By combining and pruning the identified variants for duplicates and e.g. in proteins with unknown reliability score in HPA, we retrieved totally 2058 variants (MPvar). There were 747 disease-related and 1311 benign cases.
Subcellular localization prediction methods
Subcellular localization prediction methods that allowed submission of large numbers of sequences were identified with literature and internet searches. The available and tested methods are described below.
The Bologna Unified Subcellular Component Annotator (BUSCA)  integrates prediction tools developed at the Bologna Biocomputing Group. It contains two types of predictors. There are methods for particular subsequence regions related to subcellular location, such as signal and transit peptides, GPI anchors and transmembrane domains. These methods include DeepSig , TPred3 , PredGPI , ENSEMBLE3.0  and BetAware . The second category includes methods predicting subcellular localization directly and includes BaCelLo , SChloro  and MemLoci .

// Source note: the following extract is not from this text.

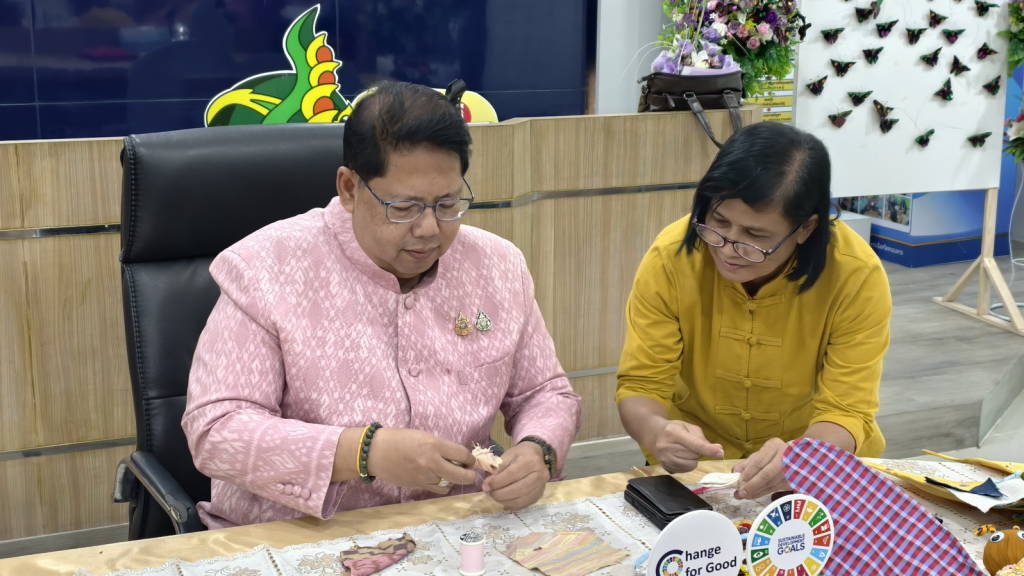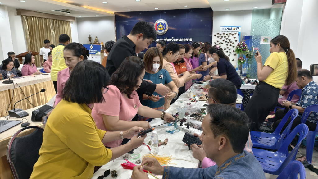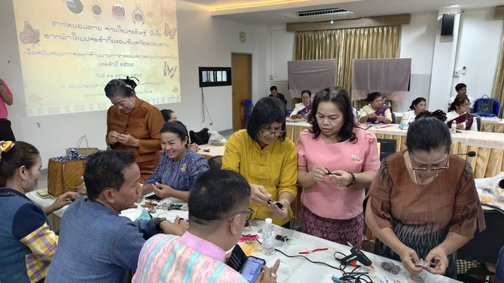 ผู้ว่าราชการจังหวัดหนองคาย ร่วมประดิษฐ์ผีเสื้อจากผ้าไทยประจำถิ่นของจังหวัด เพื่อสนับสนุนการออกร้านงานกาชาดของสมาคมแม่บ้านมหาดไทย ประจำปี 2568 ที่จัดขึ้น ณ สวนลุมพินี เขตปทุมวัน กรุงเทพมหานคร ในระหว่างวันที่ 11 – 21 ธันวาคม 2568 รวม 11 วัน 11 คืน

They used two training subsets, Critical Assessment of Function Annotation 2 (CAFA2) data containing 2512 proteins from animals, 26 from fungi, 105 from plants, 87 from Gram-negative and 2 from Gram-positive bacteria; and CAFA3 data for 2559 proteins from animals, 535 from fungi, 489 from plants, 165 from Gram-negative and 16 from Gram-positive bacteria. The web server admits a maximum of 500 fasta sequences of up to 400,000 residues.

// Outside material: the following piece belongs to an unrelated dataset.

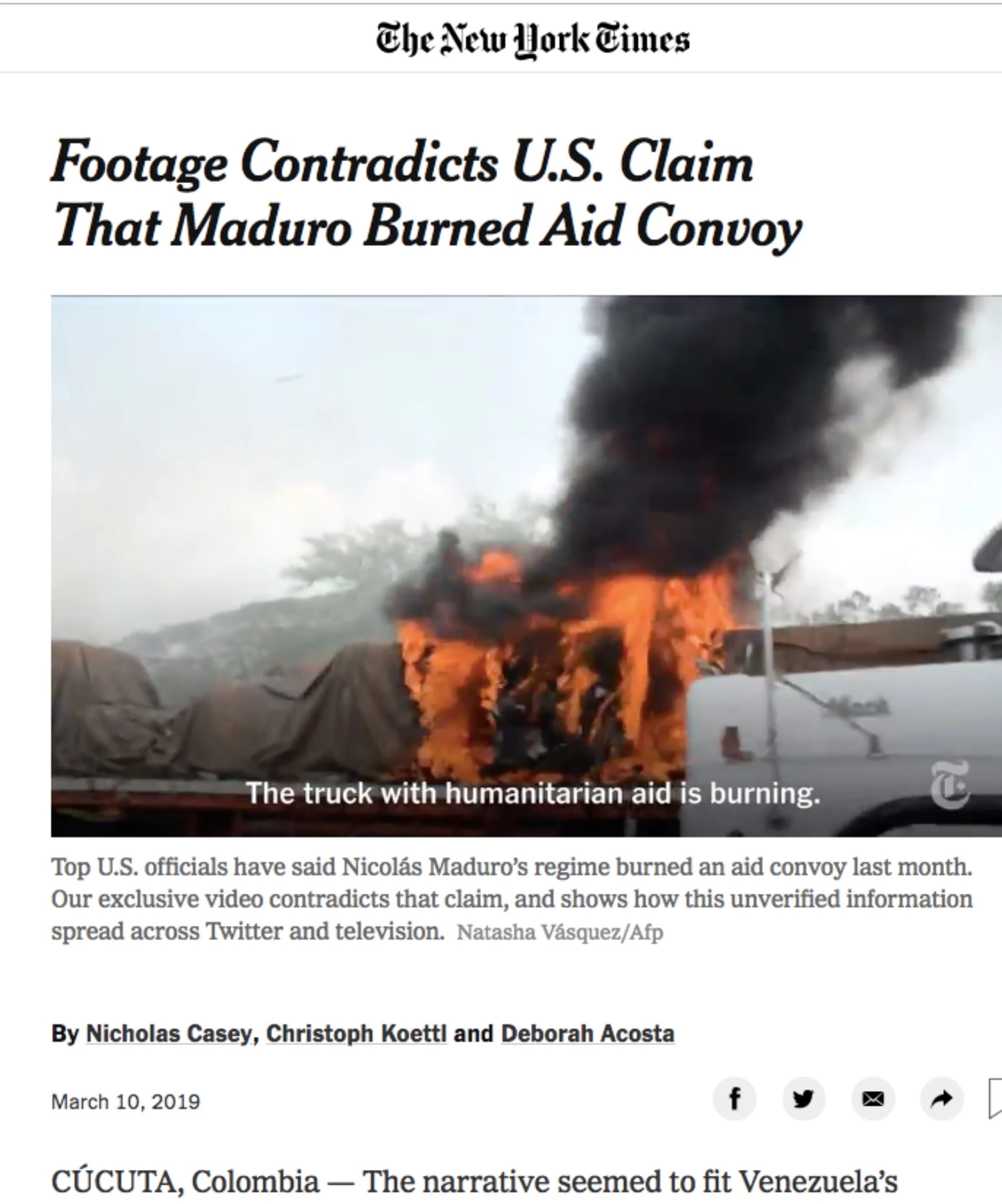 Mas, no sábado à noite, o New York Times publicou um vídeo detalhado junto com uma reportagem provando que toda a história era uma mentira. Os caminhões de ajuda humanitária não foram incendiados pelas forças de Maduro, mas por manifestantes anti-Maduro que atiraram um coquetel molotov que atingiu um dos veículos. E o vídeo do jornal mostra como a mentira se espalhou: de autoridades norte-americanas que anunciaram de maneira infundada que Maduro os incendiou até meios de comunicação que repetiram a mentira sem pensar.

The subCELlular LOcalization (CELLO) predictor  is a multi-class support vector machine (SVM) classifier that uses a two-level system. In the first layer, the protein sequence is decomposed to extract four types of sequence coding schemes: amino acid composition, di-peptide composition, partitioned amino acid composition, and sequence composition based on the physicochemical properties of amino acids. Four independent SVM predictors were trained independently to generate probability distributions of the subcellular localizations. In the second layer the four schemes are combined to generate the final probability distribution of subcellular compartments and the localization with the highest probability.
For training, two datasets were used: 1444 proteins from Gram-negative bacteria distributed in five different subcellular compartments (extracellular, cytoplasmic, cytoplasmic membrane, periplasmic, outer membrane), and 7589 eukaryotic proteins distributed in 12 subcellular localizations (chloroplast, cytoplasmic, cytoskeleton, ER, extracellular, Golgi apparatus, lysosomal, mitochondrial, nuclear, peroxisomal, plasma membrane, vacuolar). Based on the input sequence and the cell type, CELLO returns a probability distribution of the subcellular localization and highlights the most probable one(s).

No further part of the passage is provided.